- The Washington Times - Thursday, November 7, 2002

A half-hour before his retirement news conference at DeMatha High School, Morgan Wootten sat in his surprisingly small office above the banner-festooned gym named in his honor and chatted up an old friend. In the old days, he would have sported a crew cut and a cigar, but these are more enlightened times sartorially and medically. So he smiled and gabbed away and let the cliches flow.

"All good things come to an end." "You have to know when to hold 'em and know when to fold 'em." "In the Book of Ecclesiastes, it says there is a time for every purpose under heaven."

Over the years, Morgan sometimes seemed to have more cliches than you can shake a stick at, but I've never minded. The guy was so sincere in fact, he reeks sincerity that it was hard to get mad when he described an opponent with a 5-15 record as "a really tough team that will give us a lot of trouble." And he deserves at least partial credit for never having informed a sportswriter that "we play them one at a time," even if his Stags did.

Speaking of cliches, there isn't very much original to say when someone like Morgan retires. Wonderful coach, good person, God-fearing man that's about it. When a person is a real jerk, that's what inspires innovation. If you don't believe me, ask Bobby Knight to show you some of his clippings.

Yet, I'd take another Morgan Wootten any day, if we were lucky enough to have one appear in our lifetime. Of all the coaches I've encountered over nearly five decades at this racket, I respect Morgan as much as anyone. You have to respect him, for a lot of reasons. Not the least of which is his instruction to players over the years to prioritize in this order: (1) God, (2) family, (3) school, (4) basketball.

True, we've been hearing this sort of thing from coaches since James Naismith finished the last couple of peaches and said, "Gee, I wonder what I can do with the dratted baskets." The difference is that Morgan means it.

A few years ago, in 1996, we almost lost him when his liver became so diseased that his life hung in the balance before a donor was found. Leaving the hospital after surgery, he was so gaunt that he still shudders when recalling that time. Yet a few months later, he was back at basketball practice. And a few weeks after that, he was winning games again.

Two years ago, he became only the third prep coach elected to the Naismith Basketball Hall of Fame, after being presented by no less a basketball icon than Red Auerbach. The third prep coach? If he was third, the first two must have held the baskets for Naismith.

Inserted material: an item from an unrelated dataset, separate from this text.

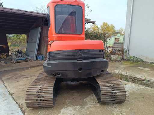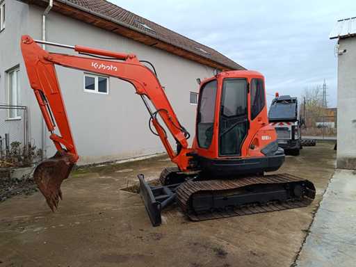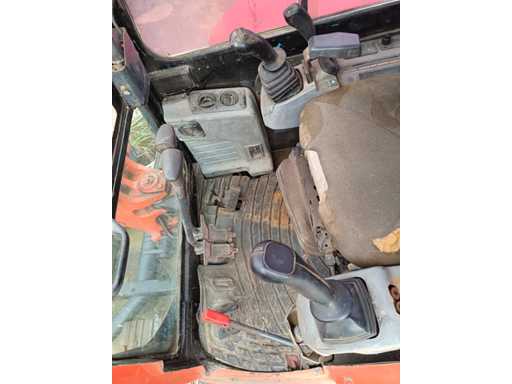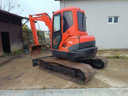 Mini escavatore Kubota KX161-3 in condizioni di funzionamento usato. Dotato di cingoli in acciaio, lama bulldozer e cabina chiusa. Modello affidabile e compatto, ideale per costruzioni, paesaggistica e lavori di utilità.

Every DeMatha senior who played for Morgan has gotten a college basketball scholarship, and one of them told me some years ago, "If you think he's a good basketball coach, you ought to see him teach World History."

When people ask him to list all the college and pro basketball stars he has turned out the Adrian Dantleys, Kenny Carrs, Danny Ferrys, et al Morgan is likely to mention instead some of the doctors and lawyers he has taught.

"That's the biggest thrill of all to see the progress kids make after basketball," he said. "Basketball is just a tool to a better life. You've got to use it; you can't let it use you."



Pretty wonderful?

That, too.

And humble. One day when he was complaining mildly about a piece I had written in the Washington Star, I told him he wasn't such a big shot. Besides, I added, the three most commonly misspelled names in local high school sports were Cardozo, Spingarn and Wootten.

Morgan didn't miss a beat. "I'm honored to be in their company," he said of the two D.C. public schools.

In explaining his decision yesterday, Morgan repeated several times that he wanted to depart at a time when the program was in good shape. With a strong team returning (is there any other kind at DeMatha?) and two fine assistants in Mike Jones and Neal Murphy, apparently he felt the time was now.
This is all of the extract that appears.